The next day was much like the first. With break of day they had breakfasted, and then, at a signal from Honker, they had mounted up, up into the blue vault, and all day they had heralded the spring to the earth below as they flew into the north. So it was the next day and the next, wise old Honker leading them to some chosen secluded resting-place each night.
Gradually the face of the earth below changed. There were no more cities. The villages became smaller and farther between, and at last they saw no more, only here and there a lonely farm. Great forests and lakes succeeded each other, the air grew colder, but with his thick coat of feathers Tommy minded it not at all.
Then, one day, they found they had outflown the spring. Below them the earth was still frozen and snow-covered. The ponds and lakes were still ice-bound. Reluctantly Honker turned back to their last stopping-place and there for a week they rested in peace and security, though not in contentment, for the call of the North, the Far North, with its nesting-grounds, was ever with them, and made them impatient and eager to be on their way. The daily flights were shorter now, and there were frequent rests of days at a time, for spring advanced slowly, and they must wait for the unlocking of the lakes and rivers. The forests changed; the trees became low and stunted. At last they came to a vast region of bogs and swamps and marshes around shallow lakes and ponds, a great lonely wilderness, a mighty solitude. At least that is what Tommy would have thought it had he been a boy or a man instead of a smart young gander.
It was neither lonely nor a solitude to him now, but the haven which had been the object of those hundreds of miles of strong-winged flight. It was the nesting-ground. It was home! And how could it be lonely with flock after flock of his own kind coming in every hour of every day; with thousands of ducks pouring in in swift winged flight, and countless smaller birds, all intent on home-building?
The flock broke up into pairs, each intent on speedily securing a home of their own. On the ground they made great nests of small sticks and dead grass with a soft lining of down. In each presently were four or five big eggs. And soon there were downy goslings—scores and scores of them—in the water with their mothers for the first swimming lesson.
Then the old birds had to be more vigilant than before, for there were dangers, many of them, even in that far wilderness: prowling foxes, hungry lynxes, crafty mink, hawks, fierce owls, each watching for the chance to dine on tender young goose. So the summer, short in that far northern region, passed, and the young birds grew until they were as large as their parents, and able to care for themselves.
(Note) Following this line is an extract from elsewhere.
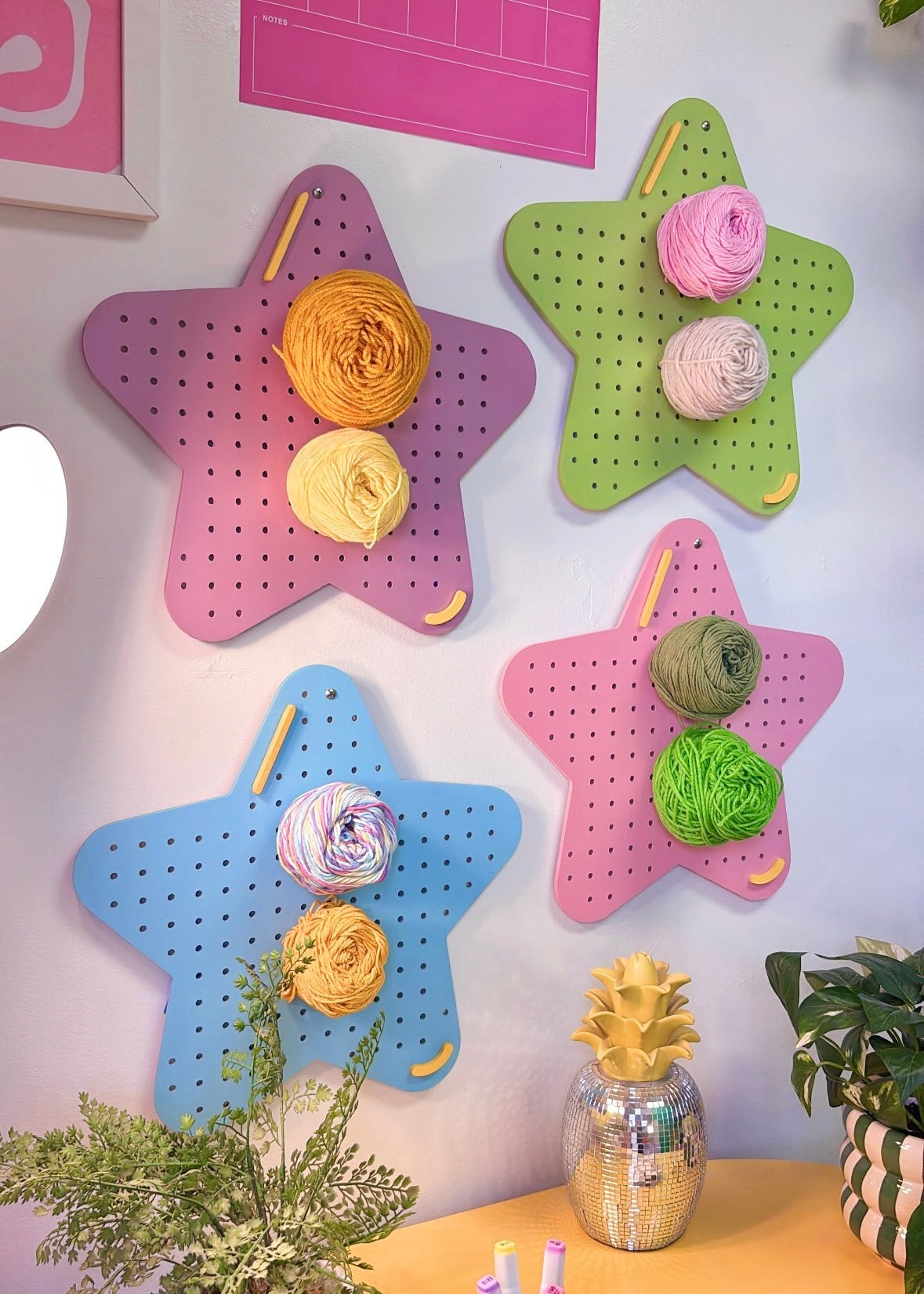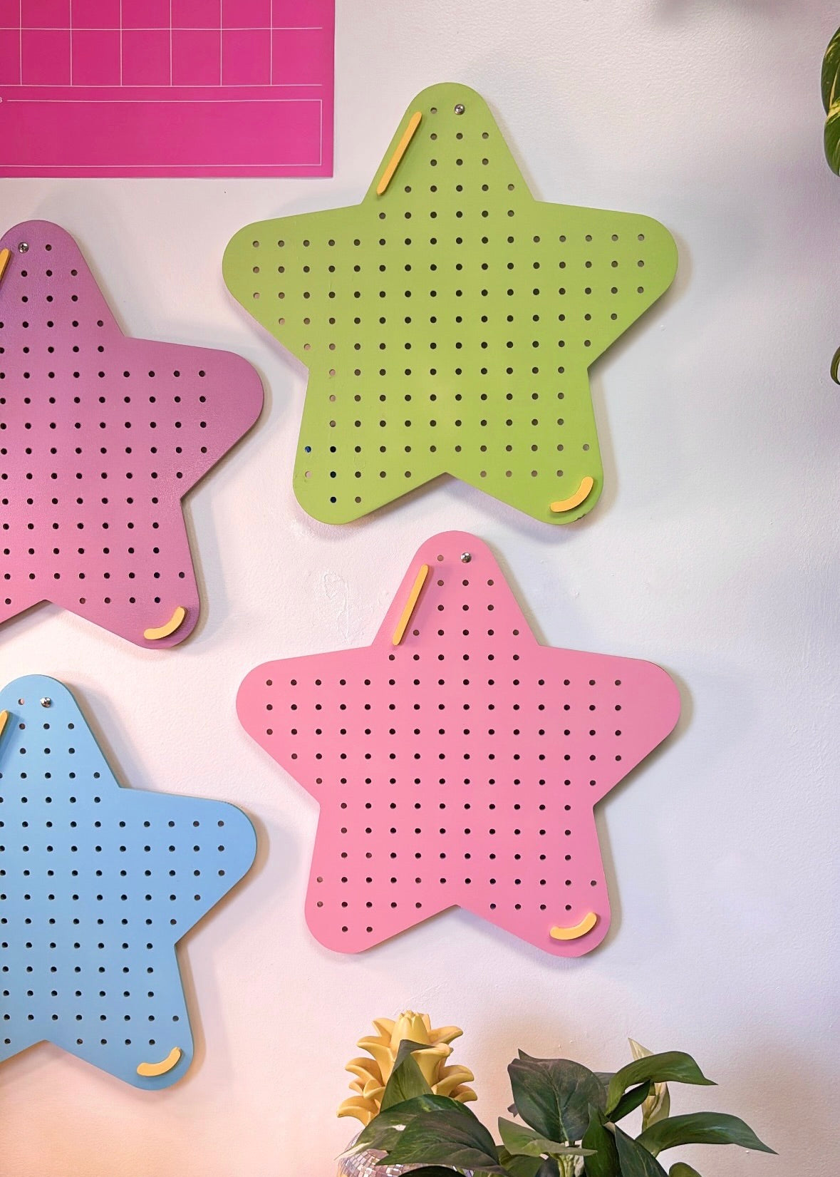 Shiny, bold, and straight out of a 2003 moodboard — the Starlight pegboard is giving Y2K nostalgia in the best way. Perfect for hanging jewelry, styling keychains, or just vibing as wall art that says “main character energy.”

Cold winds swept down out of the frozen Arctic Ocean with warning that already winter had begun the southward march. Then began a great gathering of the geese, and a dividing into flocks, each with a chosen leader, chosen for his strength, his wisdom, and his ability to hold his leadership against all comers. Many a battle between ambitious young ganders and old leaders did Tommy see, but he wisely forbore to challenge old Honker, the leader who had led the way north, and when the latter gathered the flock for the journey he was one of the first to fall in line.
A thousand plus a thousand miles and more stretched before them as they turned to the south, but to the strength of their broad wings the distance was as nothing. But this was to be a very different journey from their trip north, as Tommy soon found out. Then they had been urged on day by day by a great longing to reach their destination. Now in place of longing was regret. There was no joy in the going. They were going because they must. They had no choice. Winter had begun its southward march.
The flights were comparatively short, for where food was good they stayed until some subtle sense warned old Honker that it was time to be moving. It was when they had left the wilderness and reached the great farm-lands that they lingered longest. There in the stubble of the grain fields was feed a-plenty, and every morning at dawn, and again every afternoon, an hour or so before sundown, Honker led the way to the fields. During the great part of the day and all night they rested and slept on the bar of a river, or well out on the bosom of a lake.